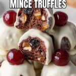 These Christmas Fruit Mince Truffles are rich and festive treats combining dark chocolate, creamy texture, and flavorful fruit mince. Coated in milk and white chocolate with a cherry on top, they are perfect for holiday celebrations or gifting.
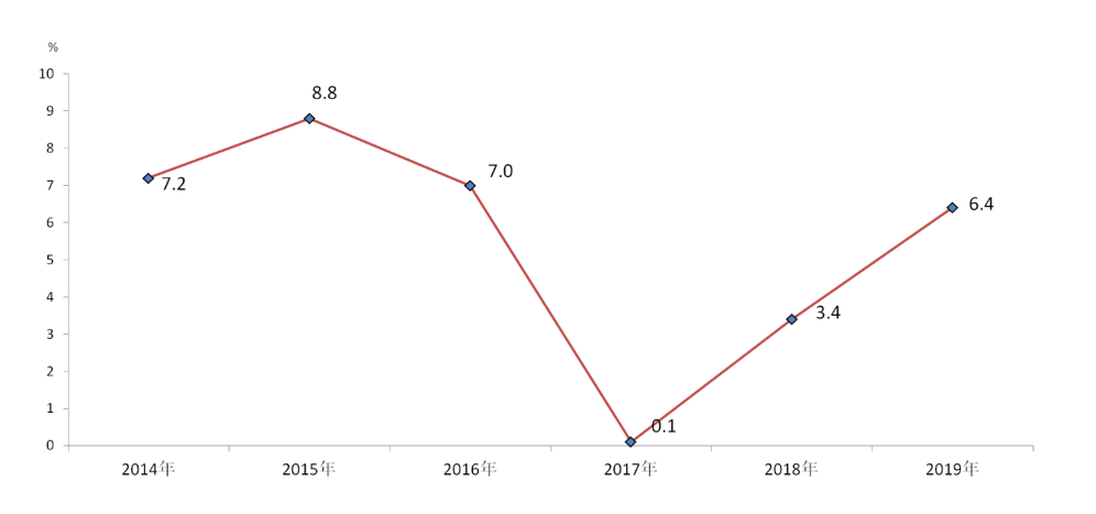 全市188戶規模以上工業企業實現增加值按可比價計算,比上年增長6.4%;主營業務收入同比下降1.5%。
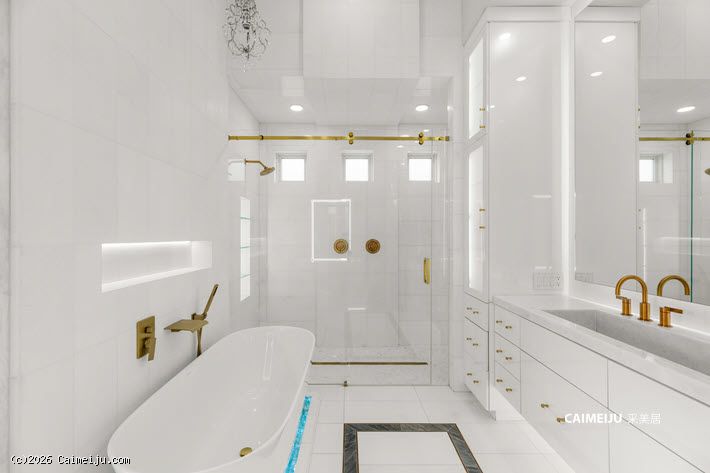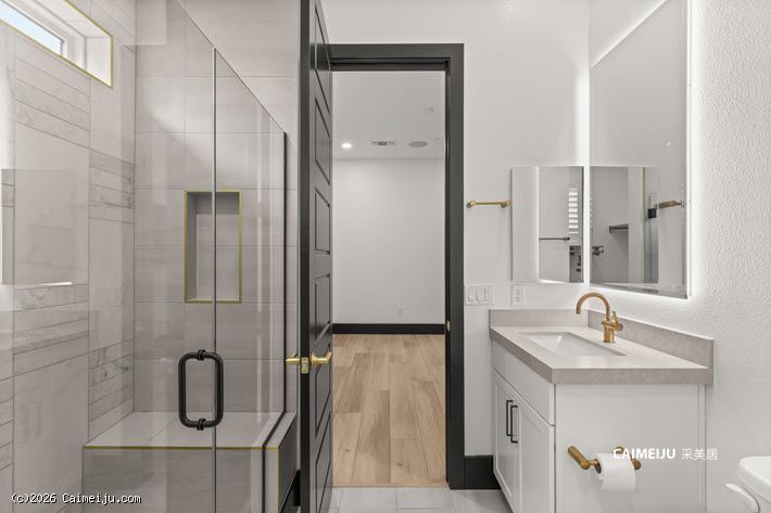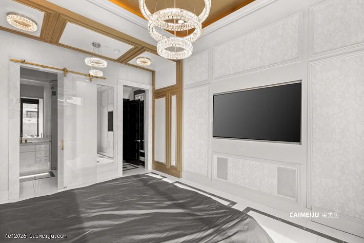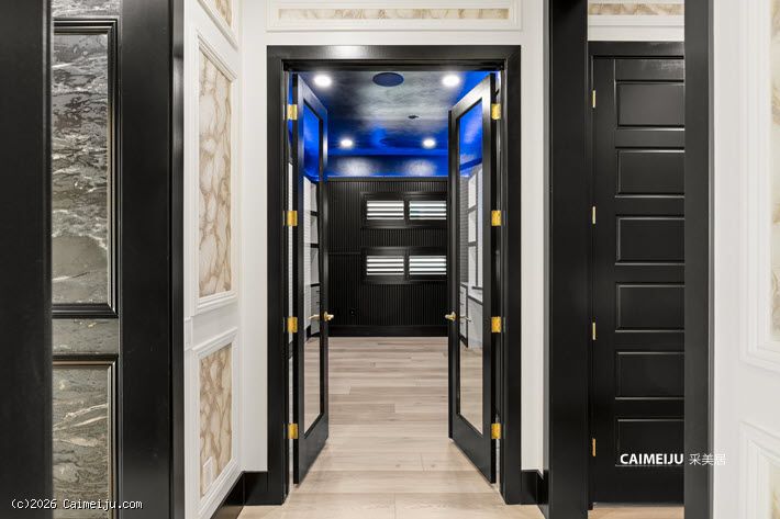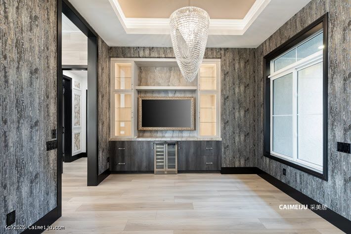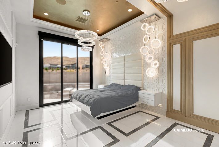 主卧套房宛如私属静谧会所,大面积大理石饰面、定制木作工艺与隐形衣柜门设计相得益彰,在低调中彰显不凡品位。整体空间以社交与待客为导向设计,客厅与主卧均配置可完全开启的叠合式玻璃门,实现室内外生活的无界切换。专业级隔音影音室已完整配置,满足高端流媒体观影与游戏娱乐需求;后院则设有私家泳池与水疗池,成为放松身心的理想场域。
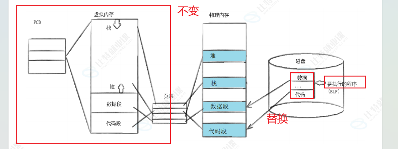 应用替换是通过特定的接⼝,加载磁盘上的⼀个全新的代码(代码和数据),加载到调⽤进程的地址空间中
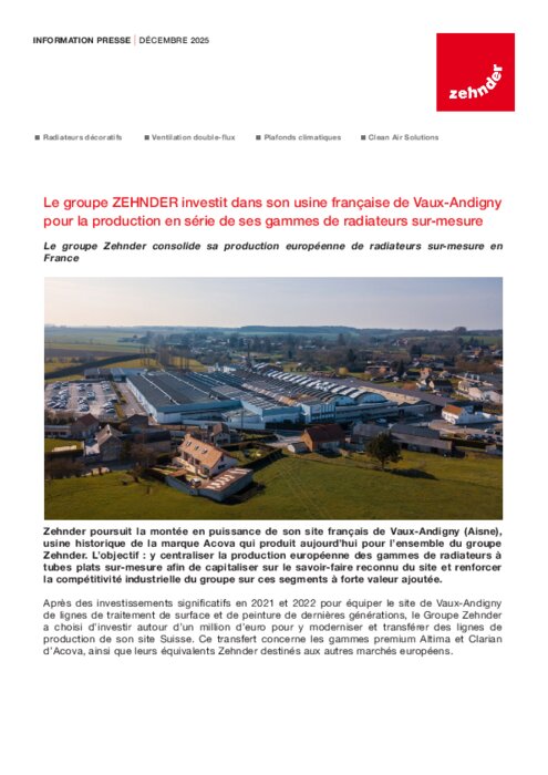 Zehnder poursuit la montée en puissance de son site français de Vaux-Andigny (Aisne), usine historique de la marque Acova qui produit aujourd’hui pour l’ensemble du groupe Zehnder. L’objectif : y centraliser la production européenne des gammes de radiateurs à tubes plats sur-mesure afin de capitaliser sur le savoir-faire reconnu du site et renforcer la compétitivité industrielle du groupe sur ces segments à forte valeur ajoutée.
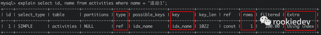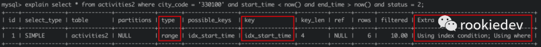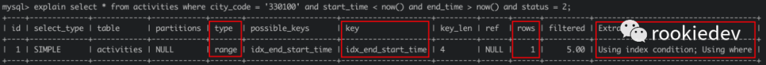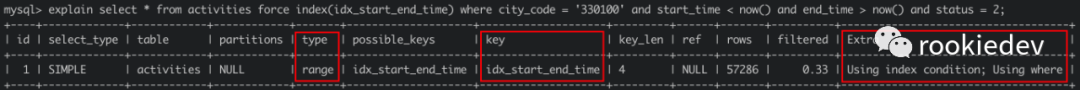 上面 activities1 是没建索引的表结构,activities2 是建了索引的表结构,里面的数据是一样的,可以看到建了索引之后的查询也确实使用了索引 idx_start_time,同时 Extra 里面还出现了 Using index condition; Using where 的信息, 说明这里还使用了索引下推的优化。
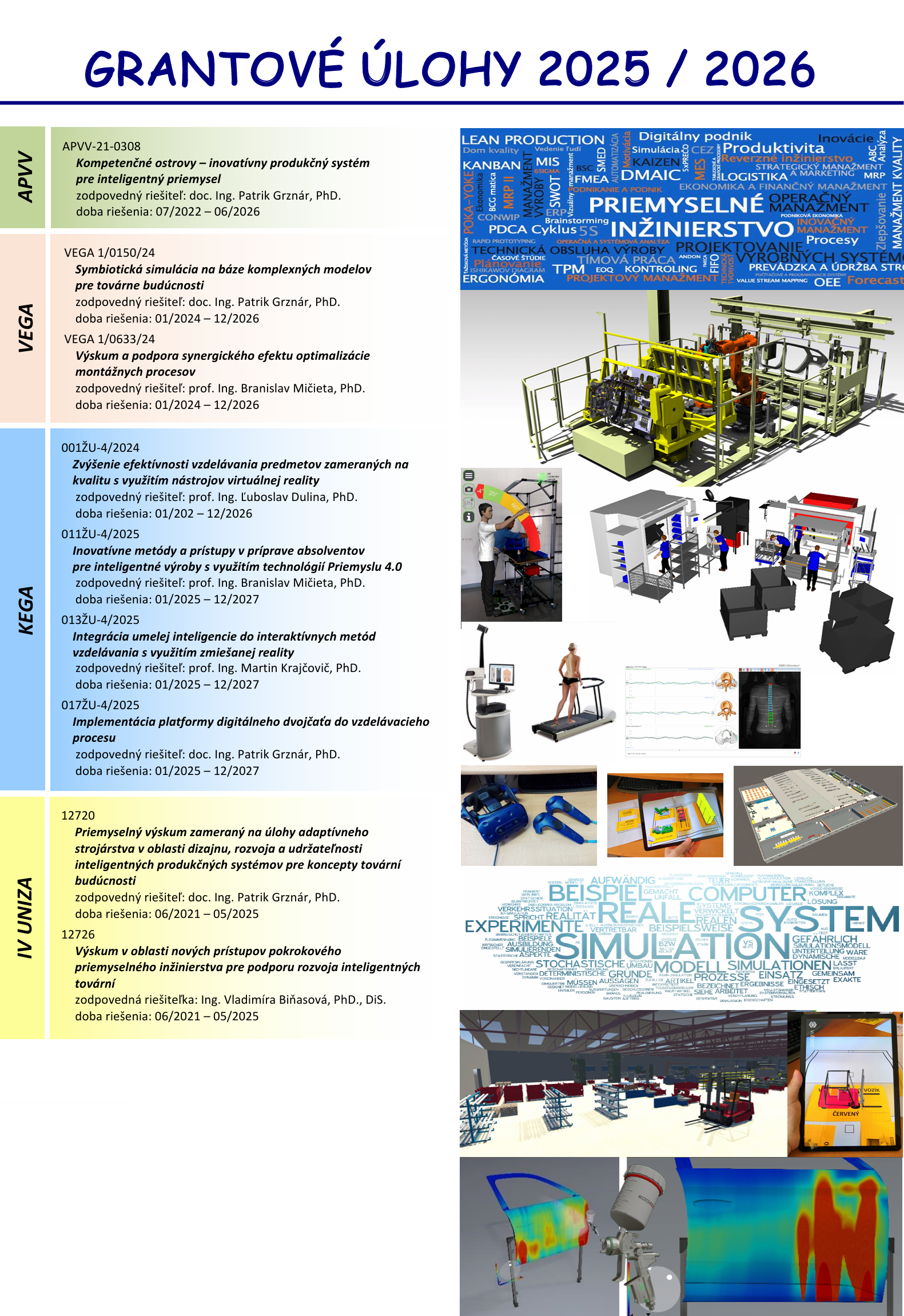 Riešené projekty Výskum a vývoj najvhodnejších podmienok na prevádzku ASIC serverov s cieľom poskytovania nových služieb spoločnosťou iLO, s.r.o. s prízvukom na ekonomickú a ekologickú prevádzku Zoznam projektov riešených na KPI od roku 2010 Projekt „APVV-16-0488 – Inovatívny systém pre testovanie logistických procesov s využitím simulácie a emulácie“ hodnotený ako výskumný projekt s vynikajúcou úrovňou (str. 74)
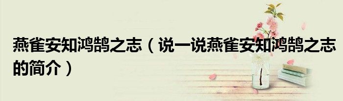 夏弥来为大家解答以下的问题,燕雀安知鸿鹄之志,说一说燕雀安知鸿鹄之志的简介,现在让我们一起来看看吧!

**WORK REQUIRED:** From the line containing "上面 activities1 是没建索引的表结构,activities2" through the last line of the records above, reproduce every line exactly, leaving out the pictures.

**ANSWER SPACE:**
 上面 activities1 是没建索引的表结构,activities2 是建了索引的表结构,里面的数据是一样的,可以看到建了索引之后的查询也确实使用了索引 idx_start_time,同时 Extra 里面还出现了 Using index condition; Using where 的信息, 说明这里还使用了索引下推的优化。
 Riešené projekty Výskum a vývoj najvhodnejších podmienok na prevádzku ASIC serverov s cieľom poskytovania nových služieb spoločnosťou iLO, s.r.o. s prízvukom na ekonomickú a ekologickú prevádzku Zoznam projektov riešených na KPI od roku 2010 Projekt „APVV-16-0488 – Inovatívny systém pre testovanie logistických procesov s využitím simulácie a emulácie“ hodnotený ako výskumný projekt s vynikajúcou úrovňou (str. 74)
 夏弥来为大家解答以下的问题,燕雀安知鸿鹄之志,说一说燕雀安知鸿鹄之志的简介,现在让我们一起来看看吧!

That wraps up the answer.